Info: Anfragen bei den Beratungsstellen sind seit Pandemiebeginn gleich geblieben
Eine Studie der TU München und des Leibniz-Institut für Wirtschaftsforschung kommt zu dem Ergebnis, dass rund drei Prozent der Frauen in Deutschland im Frühjahr 2020 zu Hause Opfer körperlicher Gewalt wurden. Nur ein sehr kleiner Teil der befragten Frauen nutzte Hilfsangebote. Darauf weist die große Dunkelziffer im Bereich häuslicher Gewalt hin: Im Rahmen der Polizeistatistik vermutet die Bundesregierung eine Dunkelziffer von rund 80 Prozent. Die BZ hat vor Ort nachgefragt:
- Laut Michael Schorr, Pressesprecher der Polizei Freiburg, wurden laut Statistik in Kenzingen mit 22 Fällen von häuslicher Gewalt mehr Fälle aufgezeichnet als im Vorjahr (2019: 15), in Emmendingen waren es weniger, in Endigen blieb die Zahl gleich. Die Zahlen seien alle im niedrigeren zweistelligen Bereich. Die Polizei zieht das Fazit, dass es nicht mehr Fälle von häuslicher Gewalt durch Corona gab – zumindest keine, die sie in Zahlen nachweisen kann. Die Bundesregierung ging bei der Kriminalstatistik von 2019 von einer Dunkelziffer von 80 Prozent aus.
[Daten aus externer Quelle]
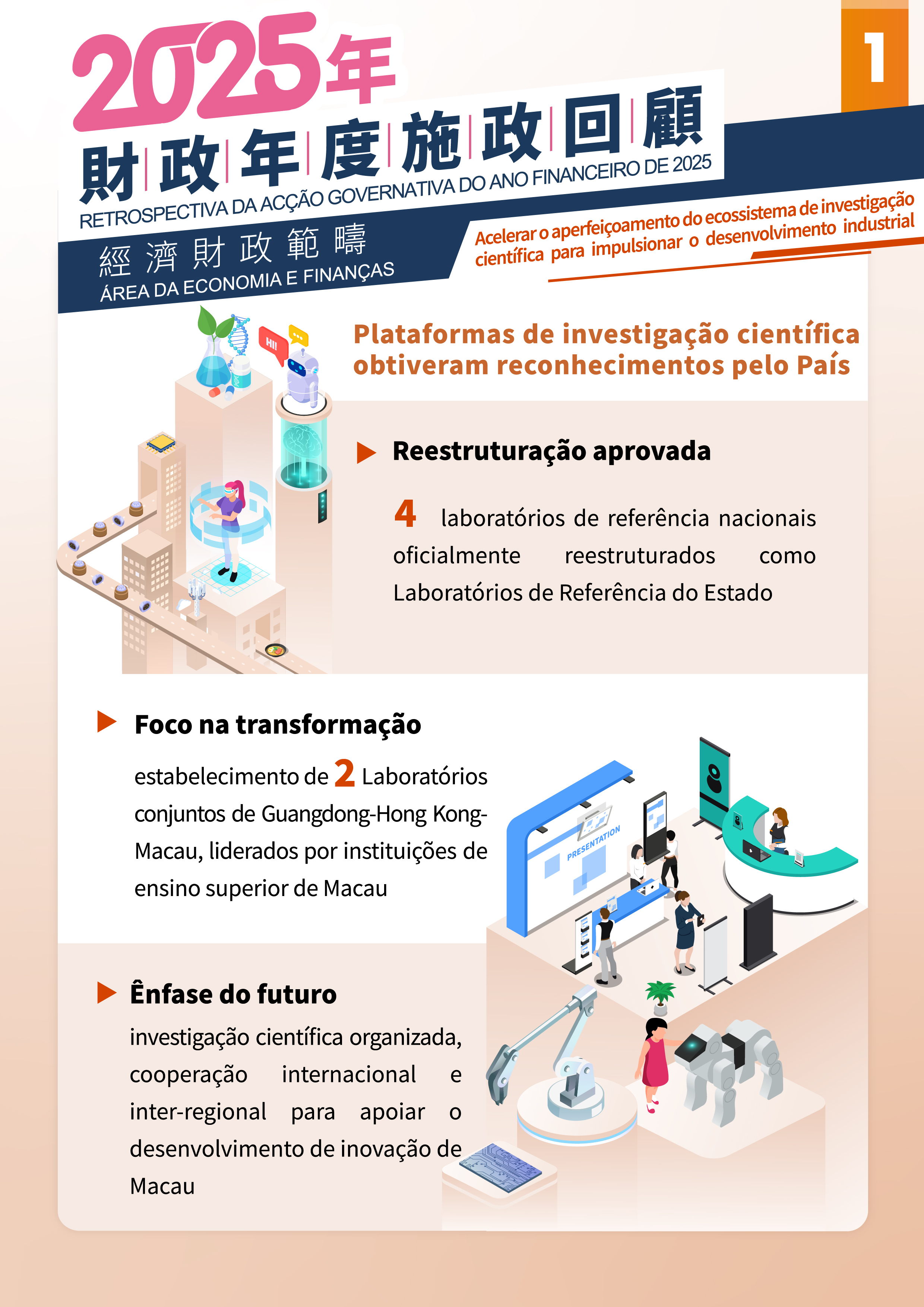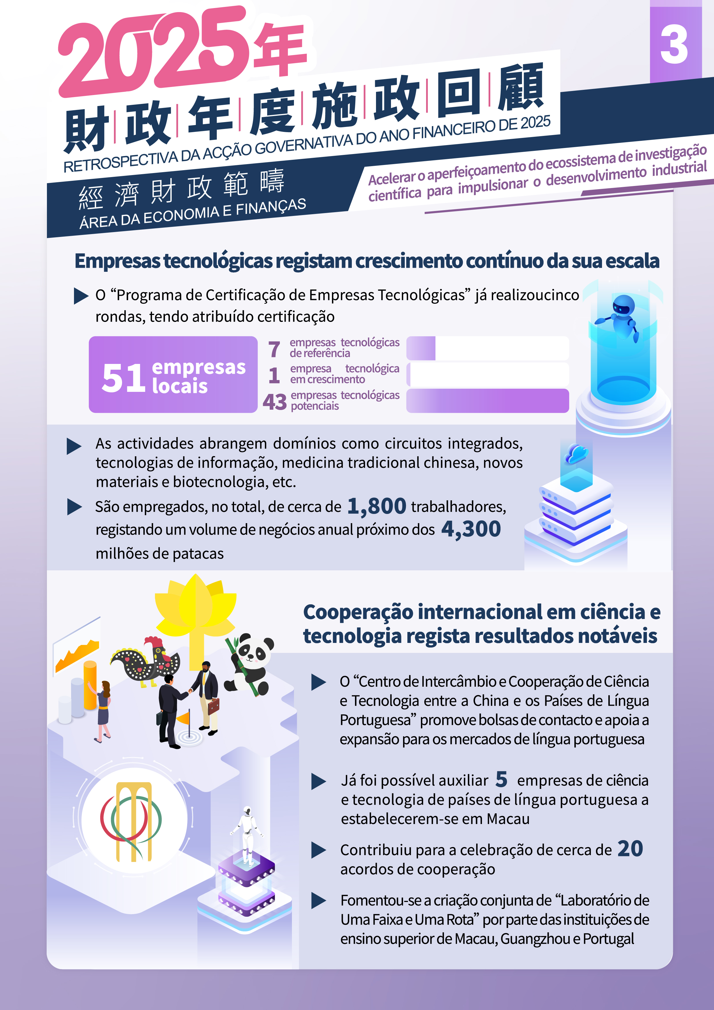 Para implementar o Relatório das Linhas Acção Governativa de 2025 nos pontos relativos à promoção do desenvolvimento da indústria de tecnologia de ponta adequada a Macau para atrair mais empresas de tecnologia inovadora para se estabelecerem em Macau, a Direcção dos Serviços de Economia e Desenvolvimento Tecnológico (doravante designada por DSEDT) e o Fundo para o Desenvolvimento das Ciências e da Tecnologia (doravante designado por FDCT) estão a adoptar várias medidas para impulsionar a integração da indústria-universidade-investigação através do impulsionamento contínuo de iniciativas como o “Programa de Certificação de Empresas Tecnológicas”, o “Plano de Financiamento para Investigação e Desenvolvimento Inovadores de Empresa” e a optimização de programas de investigação e desenvolvimento prioritários, acelerando assim o aperfeiçoamento do ecossistema de investigação científica e promovendo o desenvolvimento da indústria de tecnologia de Macau.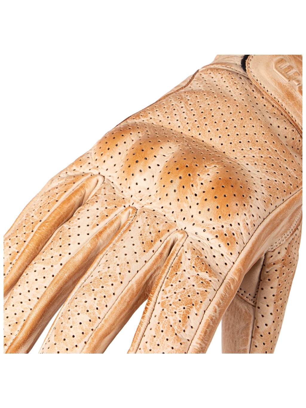 Kožené moto rukavice W-TEC Modko jsou parádní retro "stylovky", ideální na choppery, cruisery a další typy motocyklů, se kterými se rádi vracíte do starých dobrých časů. Záprstní klouby chrání robustní, ale skrytý protektor, který tak ručí za maximální bezpečí při jízdě. Krom vzhledově zajímavé textury a úpravy kůže, která společně se střihem rukavic navozuje zmíněný vintage požitek, je tak i dalším vcelku výrazným designovým prvkem.

- Der Weiße Ring Emmendingen kann für den Kreis keinen Anstieg verzeichnen. „Tatsache ist aber, dass sich im Januar 2021 schon einige Hilfesuchende an uns gewendet haben, die häusliche Gewalt und Körperverletzung erlebt haben“, sagt Leiterin Monika Toussaint.
- Der Verein Wildwasser e.V. wertet gerade noch seine Statistik aus. Bisher lassen sich nur Aussagen zu Beratungsterminen machen: Mit 737 Beratungsterminen liegt der Wert ungefähr bei dem von 2019 (739). „Wir sind gespannt, wie sich die Anfragen entwickeln, wenn sich die Pandemie-Situation entspannt“, sagt Susanne Striegel. „Erfahrungsgemäß melden sich Betroffene erst später, um Hilfe zu holen.“
- Kathrin Joos vom Sozialdienst katholischer Frauen stellt fest, dass die Zahlen in der Sozial- und Lebensberatung gleichgeblieben sind: „Wir hatten über einige Wochen eine Stelle nicht besetzt und gleichzeitig war der Lockdown: Wir konnten also nicht mehr Beratungen anbieten, weshalb auch die Zahlen nicht gestiegen sind – was aber so gewesen wäre, hätten wir mehr Personal gehabt.“ Joos verweist auf die Bertelsmannstudie, laut der Vor-Ort-Angebote während des Lockdowns weniger genutzt wurden, dafür verstärkt das Hilfetelefon. „Eine leichte Tendenz nach oben haben nach unserem Eindruck aber Partnerschaftsprobleme“, so Joos.
- Bei der Familienberatung Emmendingen ist die Anmeldungen der Beratungswünsche von Eltern und Kindern im März und April 2020 deutlich unter das langjährige Mittel gefallen. „Insgesamt hat sich die Nachfrage in 2020 aber statistisch nicht signifikant verändert. Die Zahl aller Anmeldungen lag im Schnitt der vergangenen Jahre. Man könnte sagen, die im Frühjahr fehlenden Anmeldungen wurden im Herbst nachgeholt“, sagt Michael Reisch.